Date: Tuesday, June 4, 2019
Session Time: 6:00pm-7:00pm
Presentation Time: 6:00pm-7:00pm
Location: Hall C & D
*Purpose: Alcoholic liver disease (ALD) is a leading indication for liver transplantation worldwide with rising prevalence. Whether relationships exist between transplant listing for ALD and changes in state alcohol tax rates or alcohol consumption has not been explored.
*Methods: State-level alcohol per capita consumption of spirit, wine, and beer was determined from published United States 2003-2015 data. Excise and ad valorem on- and off-premise tax rates of spirit, wine, and beer were calculated following standard practices.
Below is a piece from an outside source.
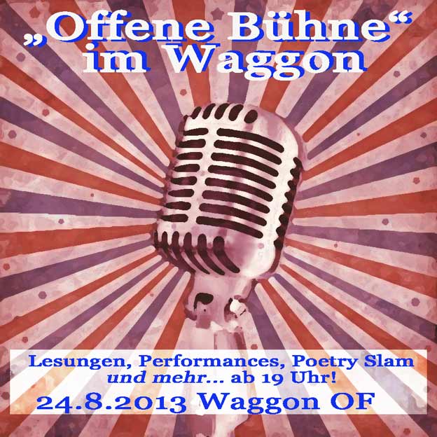 Vorleser, Performer, Poetry-Slammer und Literaten sind eingeladen, ihr Können im Waggon zu präsentieren. Achtung: Beginn bereits ab 19 Uhr!!!

Using the United Network for Organ Sharing (UNOS) database, we analyzed 2003-2015 state-wide patient-level data to determine if transplant listing for ALD was associated directly with alcohol consumption per capita and inversely with alcohol taxes. Univariate and multivariate regression was performed with clustering at the state level controlling for the pre-specified variables age, sex, race, education, employment, and insurance.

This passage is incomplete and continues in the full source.